Examples: AWS ELB (classic), HAProxy (L4 mode), F5 LTM
Layer 7 (Application Layer)
What it does: Makes decisions based on the content of the message (URL, HTTP headers, cookies, cookies).
Characteristics:
- ❌ Slower - Needs to parse HTTP content
- ❌ CPU intensive - More complex routing logic
- ✅ Smart routing - Can route /images to image servers, /api to API servers
- ✅ Content-aware - Inspects HTTP headers, cookies, SSL termination
Best for: Web applications needing content-based routing, SSL termination, or session stickiness.
Examples: NGINX, AWS ALB, Envoy, Traefik
Real-World Comparison
| Factor | Layer 4 | Layer 7 |
|---|---|---|
| Speed | 100K+ RPS per core | 50K+ RPS per core |
| CPU Usage | 5-10% | 30-50% |
| Features | Basic routing | SSL termination, URL routing, session affinity |
| Use Case | High-throughput APIs | Web apps, microservices |
Load Balancing Algorithms
Round Robin
How it works: Requests are distributed sequentially across servers: 1, 2, 3, 4, then back to 1.
Pros:
- ✅ Simple to implement and understand
- ✅ Works well when servers have similar capacity
- ✅ No state to maintain
Cons:
- ❌ Doesn't account for server load (one might be slow with 100 connections, another idle)
- ❌ Doesn't work well when servers have different capabilities
Real-world use: Good for stateless services where all servers are identical (e.g., API servers).
Least Connections
How it works: Sends request to the server with the fewest active connections.
Pros:
- ✅ Better than round robin when servers have different loads
- ✅ Accounts for connection time (long-running connections get fewer new ones)
Cons:
- ❌ Still doesn't account for server capacity (CPU, memory)
- ❌ Requires tracking active connections (more state)
Real-world use: Good for services with varying request processing times (e.g., database queries).
IP Hash
How it works: Uses a hash of the client's IP address to determine which server receives the request.
Pros:
- ✅ Session stickiness - Same IP always goes to same server
- ✅ Works great for stateful applications (session stored in memory)
Cons:
- ❌ Uneven distribution if many clients share the same IP (NAT, proxies)
- ❌ Doesn't rebalance when servers are added/removed
Real-world use: Stateful applications needing session affinity, WebSocket connections.
Random
How it works: Randomly selects a server for each request.
Pros:
- ✅ No state to maintain
- ✅ Even distribution over time (law of large numbers)
Cons:
- ❌ Can have temporary uneven distribution
- ❌ No session stickiness
Real-world use: Simple load balancing with large number of requests where stickiness doesn't matter.
Real-World Case Studies
Case Study 1: NGINX at Scale
The Challenge: NGINX (the company) needed to serve 1M+ requests per second (RPS) with low latency.
The Architecture:
Clients → Layer 4 Load Balancer (HAProxy) → NGINX Layer 7 LBs → Application Servers
(10 Gbps) (100+ instances) (1000+ servers)
Key Decisions:
- Layer 4 at edge - Raw speed for SSL termination and initial routing
- Layer 7 closer to apps - Content-based routing (/static vs /api)
- Least connections algorithm - Servers have varying loads
The Results:
- Throughput: 1M+ RPS per load balancer
- Latency: <10ms at p95
- Server utilization: Balanced at 65-75% CPU (good headroom)
- Availability: 99.99% with automatic failover
💡 Key Insight: NGINX uses a layered approach.
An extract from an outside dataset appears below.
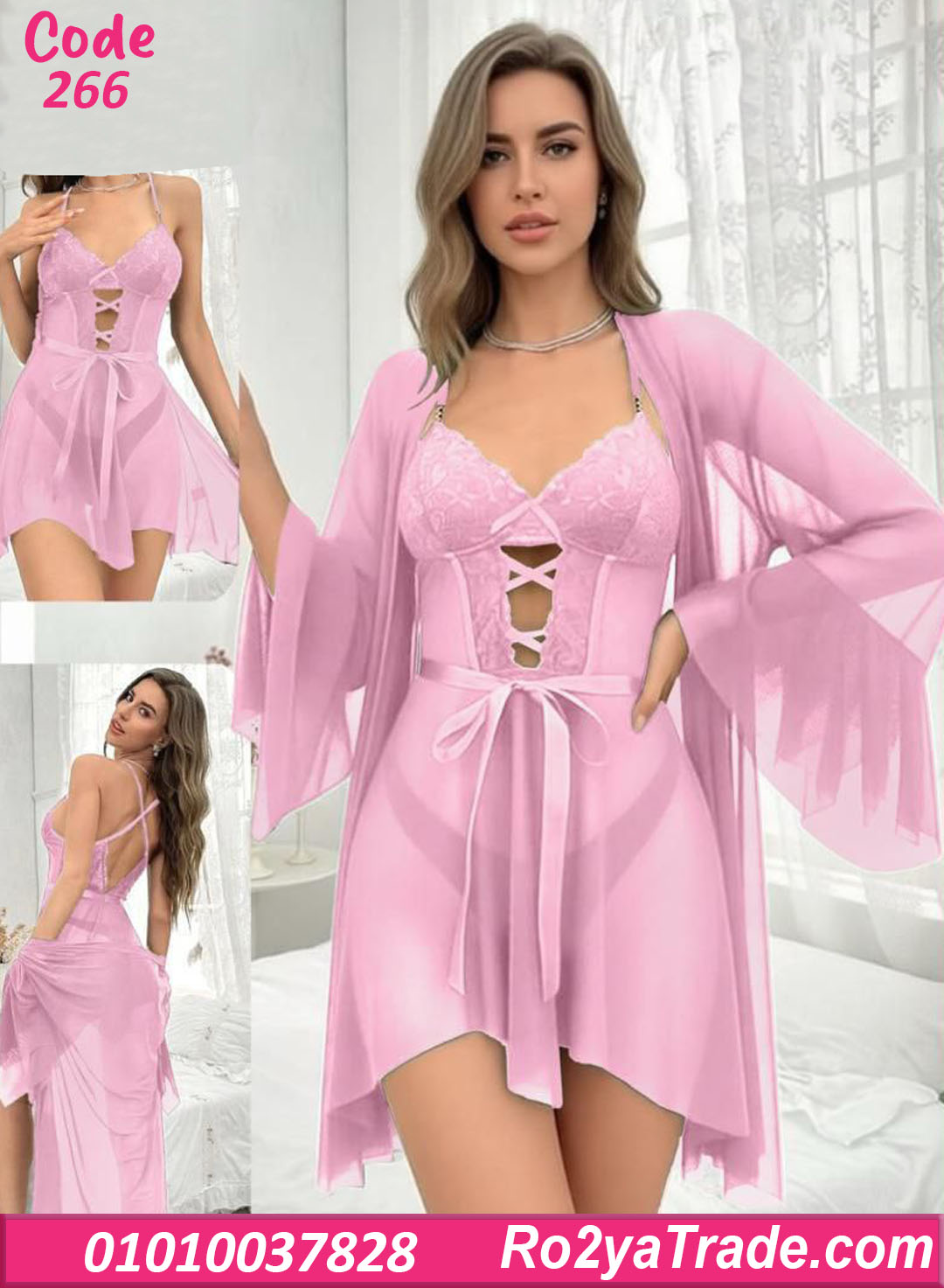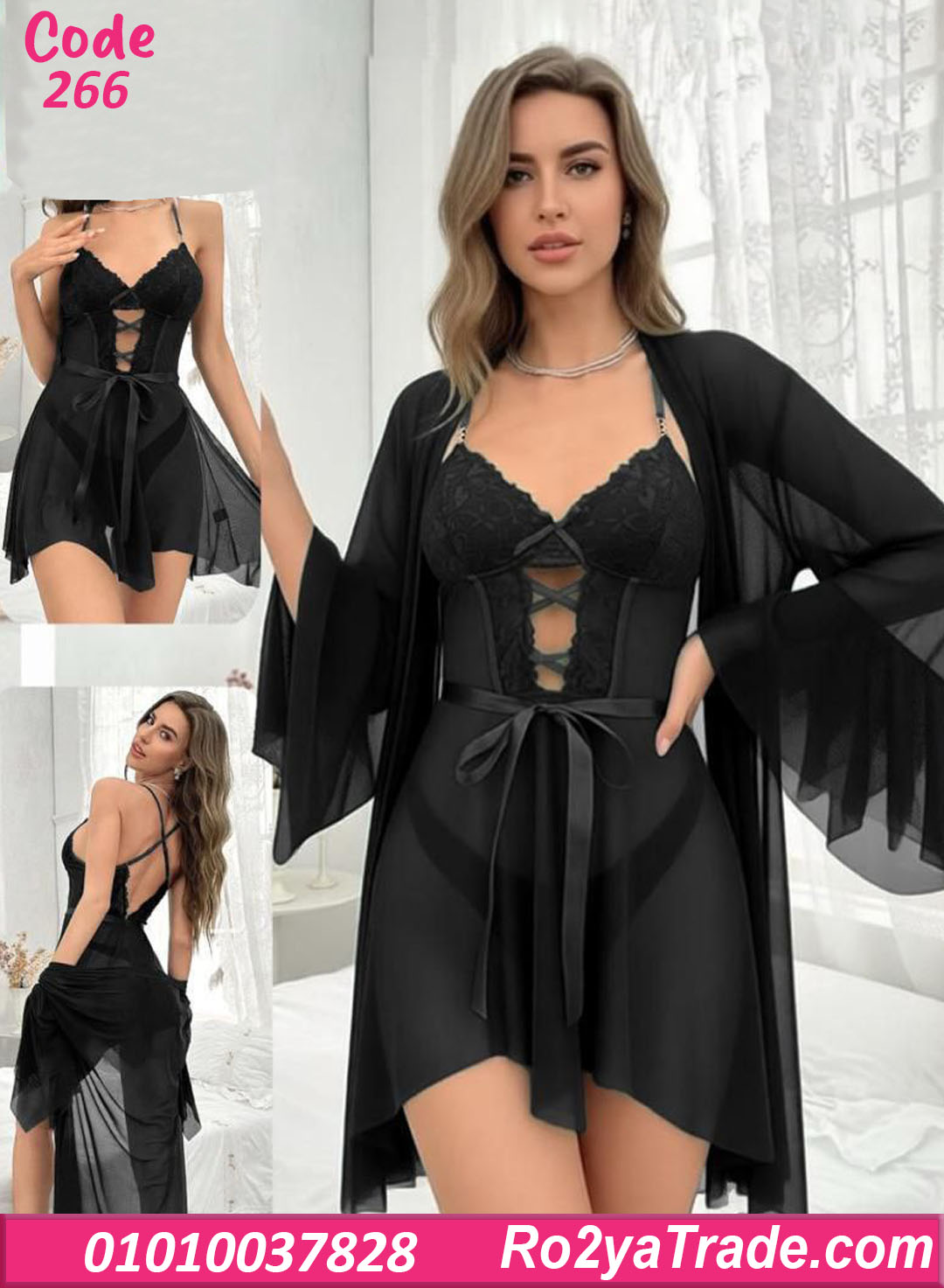 لو بتدوري على طقم لانجري يجمع بين الأناقة والأنوثة في نفس الوقت، موديل لانجري قصير مع روب – كود 266 هيكون اختيار مثالي لإطلالة جذابة ومميزة.

Layer 4 for raw speed at the edge, Layer 7 for intelligence closer to the applications. This gives them both performance and features.
Case Study 2: HAProxy Configuration Patterns
Scenario: E-commerce platform with 3 types of traffic:
- Product catalog (read-heavy, 90% of traffic)
- Checkout (write-heavy, requires session stickiness)
- API (stateless, needs high throughput)
The Solution:
# Product Catalog - Round Robin (read-heavy)
backend catalog
balance roundrobin
server web1 10.0.0.1:80 check
server web2 10.0.0.2:80 check
server web3 10.0.0.3:80 check
# Checkout - IP Hash (session stickiness)
backend checkout
balance source
server app1 10.0.0.10:8080 check
server app2 10.0.0.11:8080 check
# API - Least Connections (varying request times)
backend api
balance leastconn
server api1 10.0.0.20:443 check
server api2 10.0.0.21:443 check
server api3 10.0.0.22:443 check
Why this works:
- Catalog: Round robin works great for stateless, uniform requests
- Checkout: IP hash ensures user stays on same server (session in memory)
- API: Least connections handles varying query complexity (some API calls are fast, others slow)
Performance Results:
- Catalog servers: 5000 RPS, 2ms latency
- Checkout servers: 500 RPS, 20ms latency (acceptable for checkout flow)
- API servers: 10000 RPS, 5ms latency (balanced load)
Case Study 3: WhatsApp's Load Balancing Evolution
Stage 1 (Early days): Single server → Crashed at 10K users
Stage 2: Round robin across 10 servers → Uneven load, some servers overwhelmed
Stage 3 (Solution): Erlang's built-in load balancing + consistent hashing
Clients → Load Balancer → Erlang Nodes → Message Store
(Consistent hashing for key-based routing)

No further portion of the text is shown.